A day after the announcement, Iran shot down an American drone aircraft, with the Revolutionary Guard claiming that it had shot down an "intruding American spy drone" after it entered the country's airspace. A US official disputed this claim, saying that while the drone had been shot down by Iran, it had occurred while the drone was in international airspace over the Strait of Hormuz. Responding to the drone downing, the US imposed more sanctions and carried out a cyberattack against the computer systems controlling the Islamic Revolutionary Guard’s rocket and missile launchers. In April, the Trump administration had designated the Guard Corps as a foreign terrorist organization (Iran responded with giving the US military the same designation).
The exchanges between the West and Iran have only continued in the past month. The UK seized an Iranian oil tanker for violating sanctions on Syria, Iran seized an Emirati tanker, a British tanker and a Liberian vessel last week, and the US punished a Chinese company for importing Iranian oil on Monday. Iran announced it had captured 17 American spies and sentenced some to death (disputed by the US), rejected plans for a European-led maritime security force in the Gulf unveiled by the UK foreign secretary on Tuesday, and tested a medium-range ballistic missile on Wednesday.

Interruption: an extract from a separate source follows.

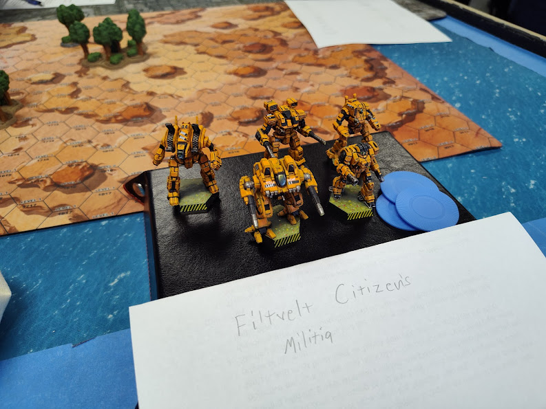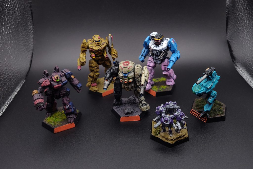 I don't have the income, or really the painting bandwidth, to have a full set of bespoke mechs for every tournament I play, and when I settled on my list I already had two Banshees, a Flashman, and a Crusader painted… all in different paint schemes! Rationalizing that it would be weirder if some of the units’ schemes matched and others didn't than if none of them matched, I went ahead and painted the Blitzkrieg and the battle armor in new schemes for a completely variegated force.

It is difficult to see a clear path forward where the tension building up over the past year, especially during the last two months, will be defused soon. The violation of the nuclear deal by the Trump administration was the first domino to fall and lead the Gulf to its current predicament, and it is unclear what the future holds for it. On one hand, Iran said on Wednesday that a formal offer for a ship swap would be forthcoming to swap the British tanker they seized with the Iranian tanker that the UK seized, a sign of potential willingness for compromise. While on the other hand, shipping in the Strait of Hormuz remains tense, Iran tested a ballistic missile this week, and debate continues as to how averse the US and Iran are to actual conflict. The average person must just hope that conflict remains the last option that either nation wishes to follow, but both countries need to demonstrate a maturity to stray from the current ‘tit-for-tat’ strategy that inches both closer to an increasingly inevitable, and very regrettable, end.